> _Activity_: Every line below is to be set down again exactly; any image stays out.

> _Dataset content_:
==*==
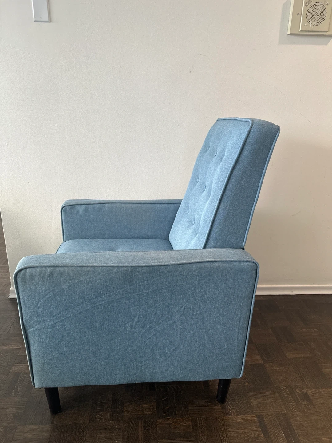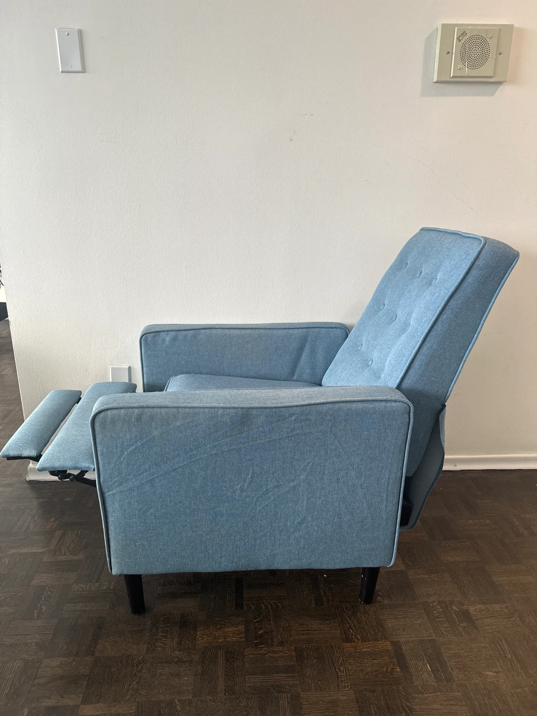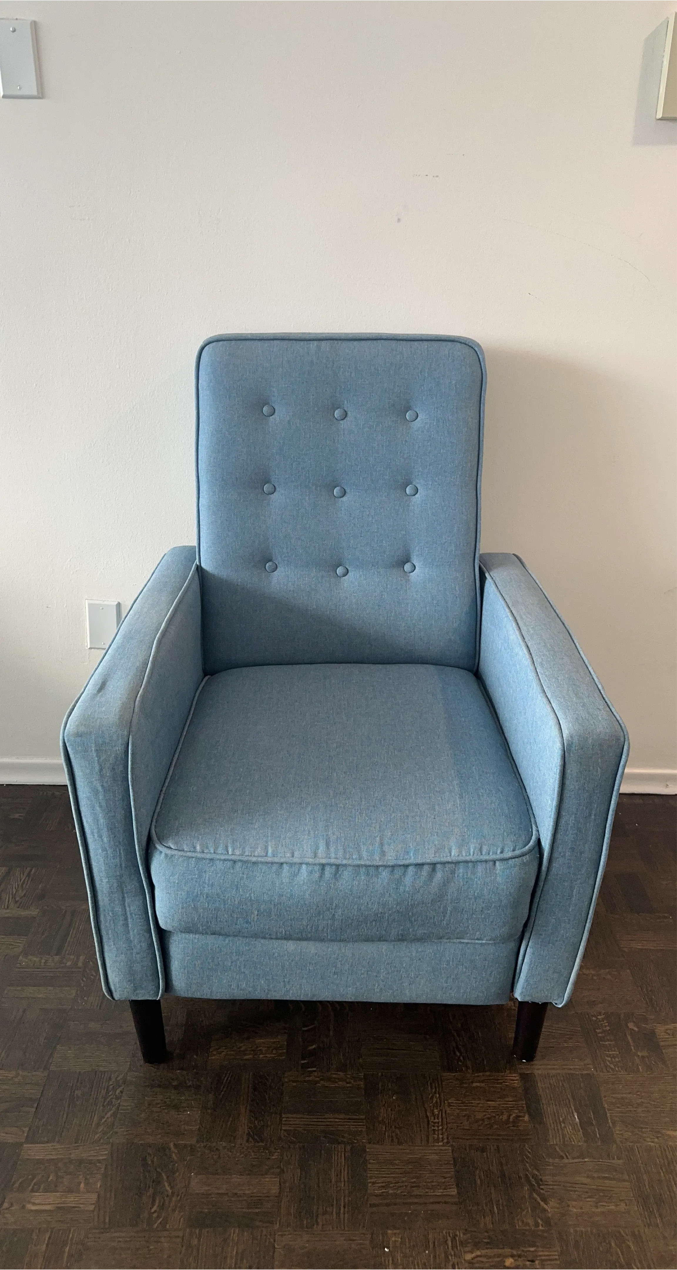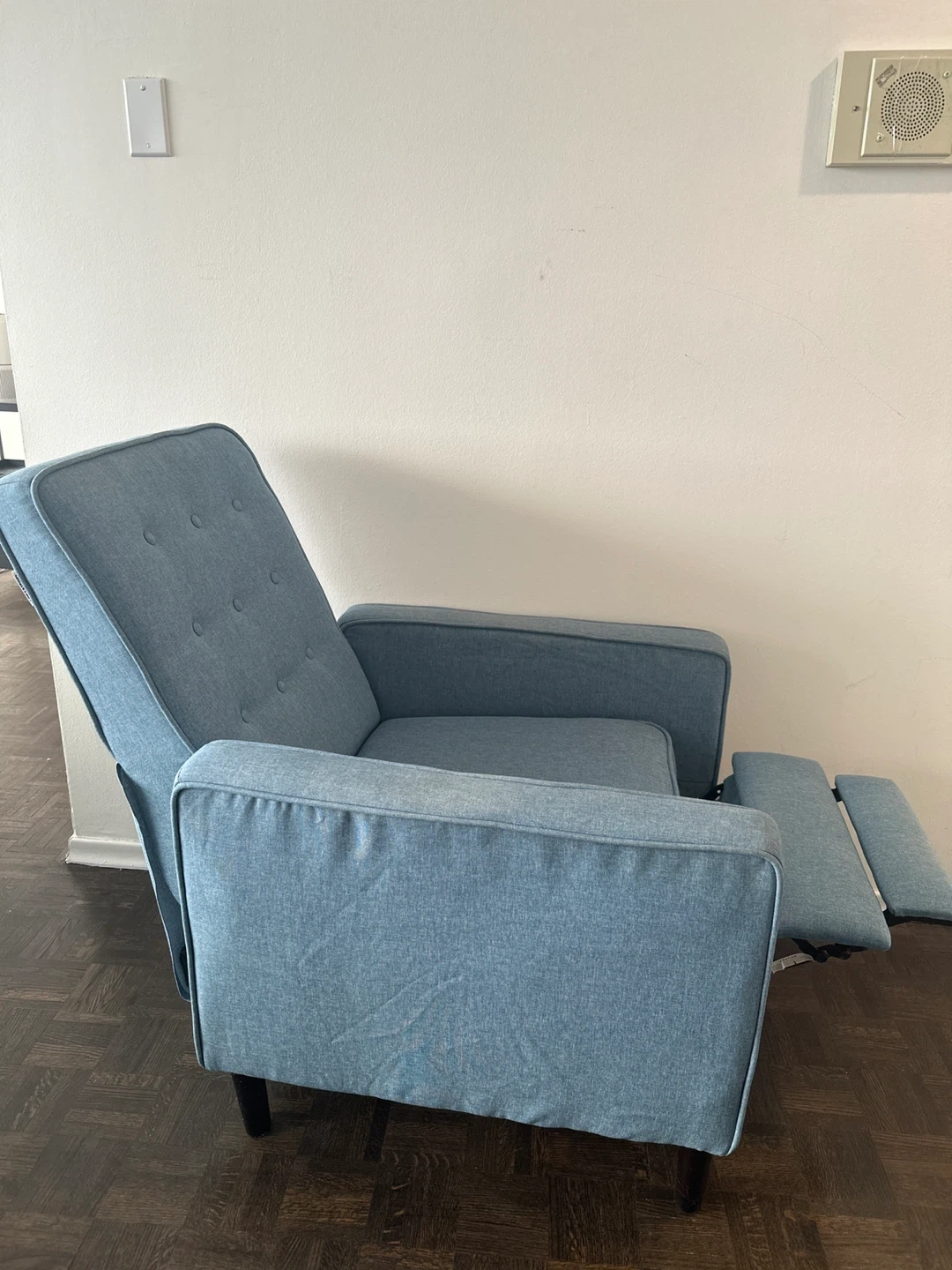 Comfortable blue recliner chair / armchair with a built-in footrest. Tufted back and sturdy design. It's made of durable fabric. It can be easily dismantle if needed for transportation and fits in small car if dismantled.
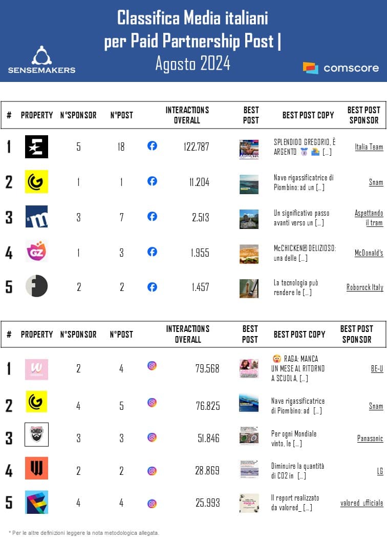 Top Media Italiani per Paid Partnership Post a agosto
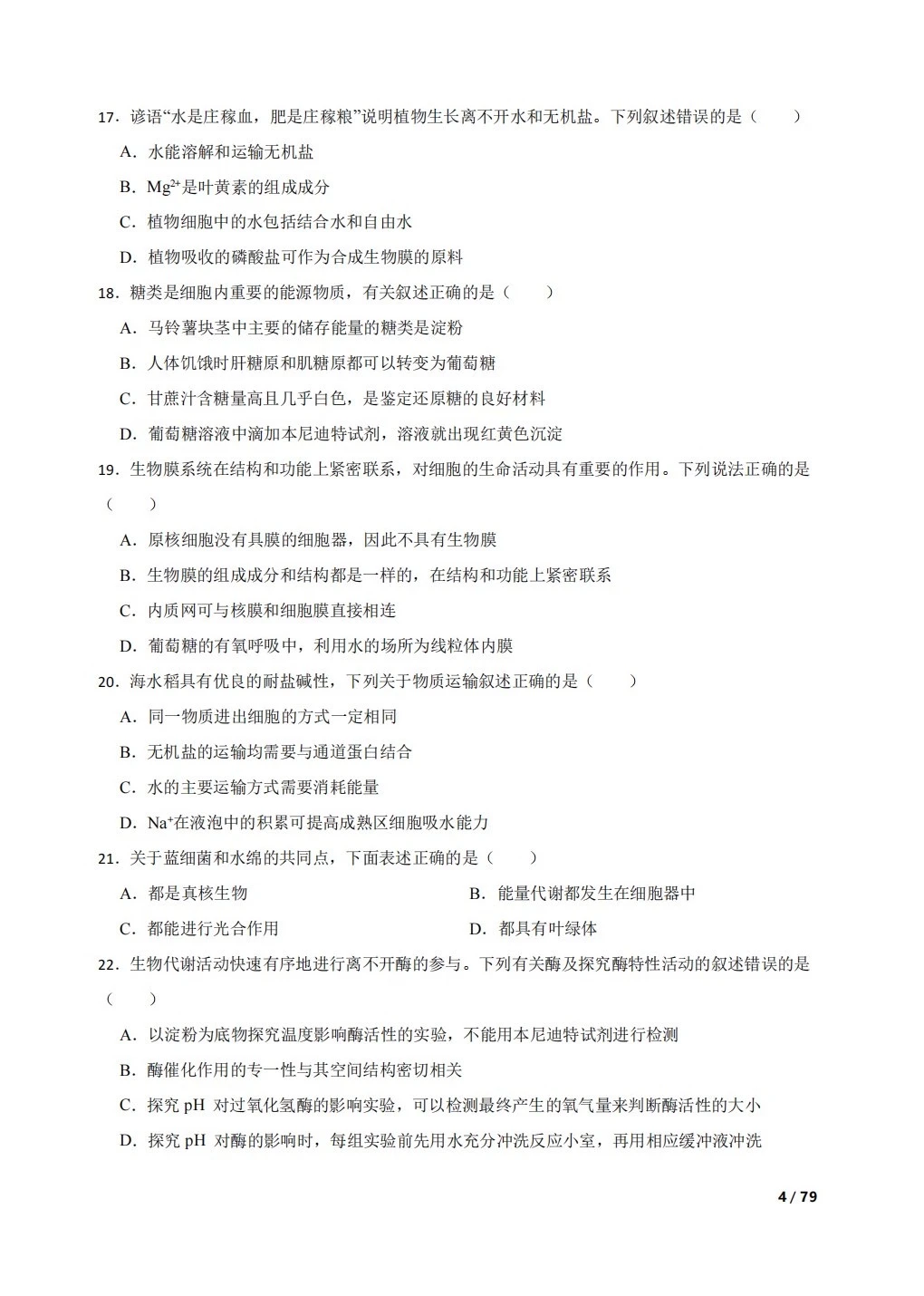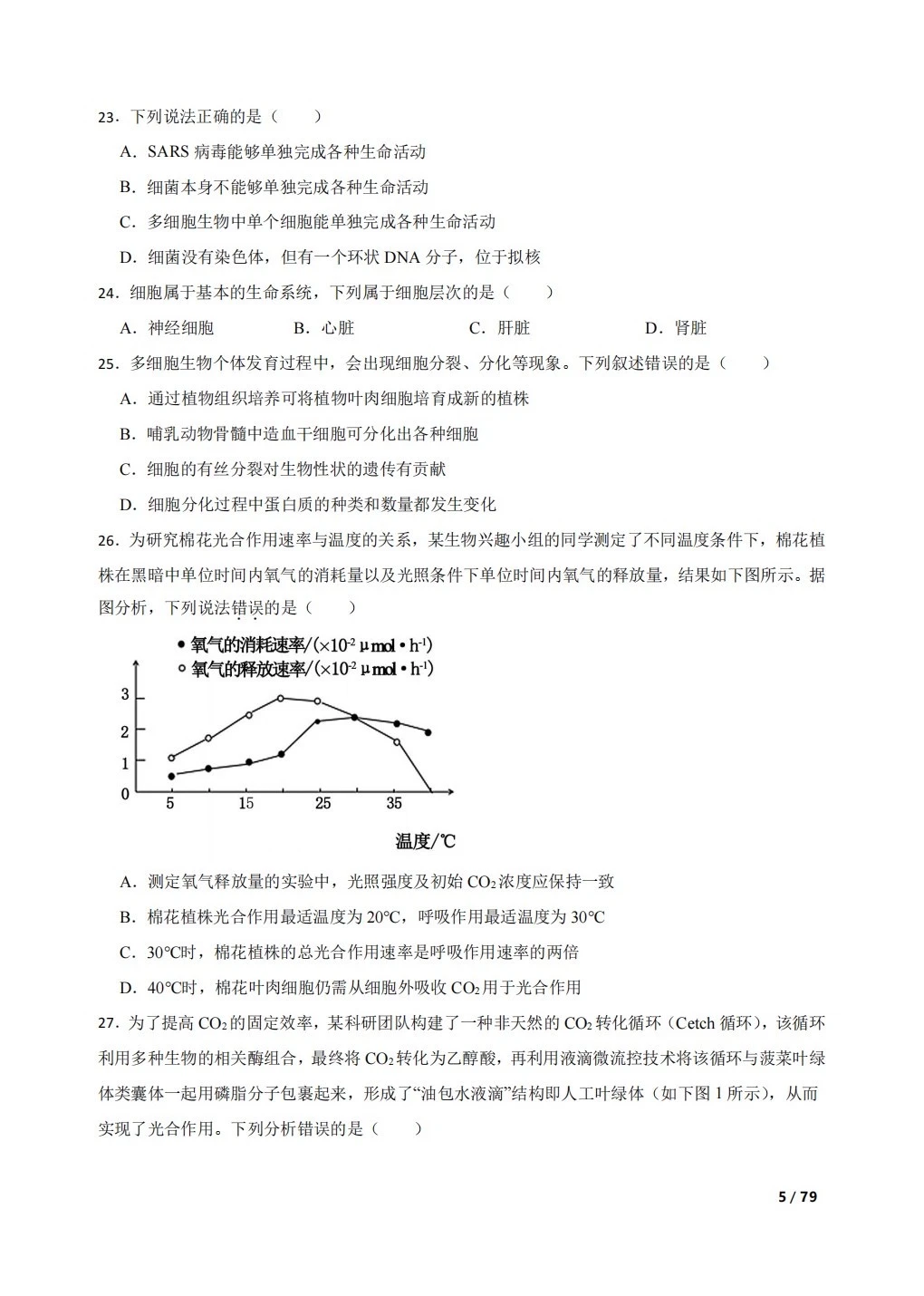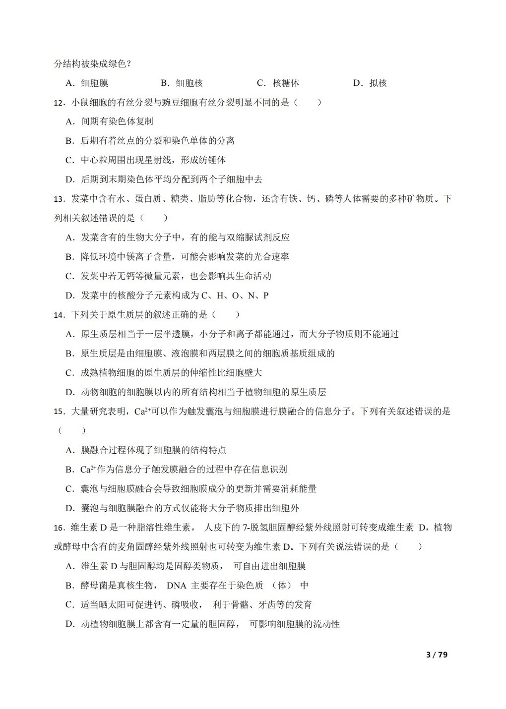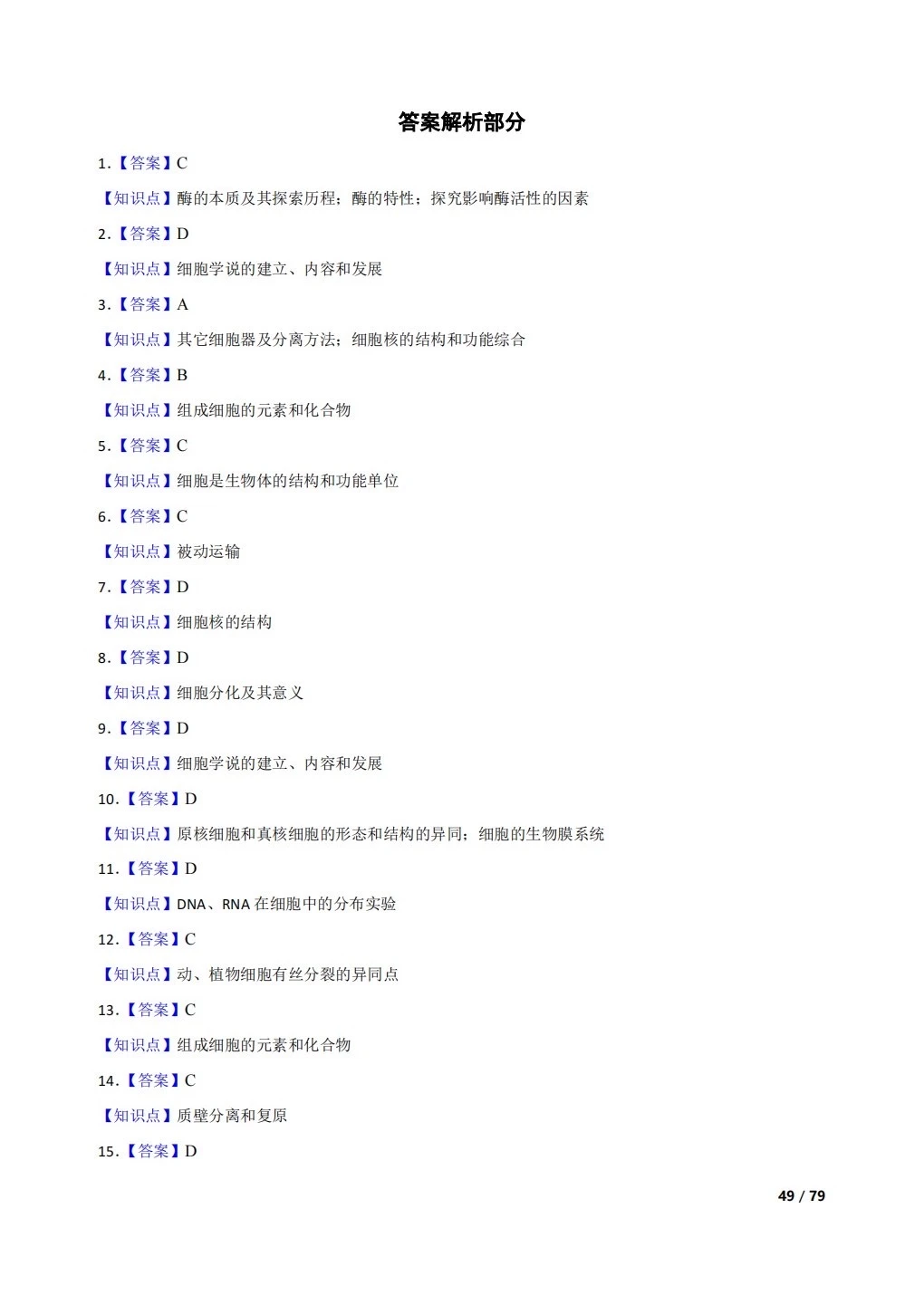 高中生物复习100题:分子与细胞
==*==
> _Problem solution_:
 Comfortable blue recliner chair / armchair with a built-in footrest. Tufted back and sturdy design. It's made of durable fabric. It can be easily dismantle if needed for transportation and fits in small car if dismantled.
 Top Media Italiani per Paid Partnership Post a agosto
 高中生物复习100题:分子与细胞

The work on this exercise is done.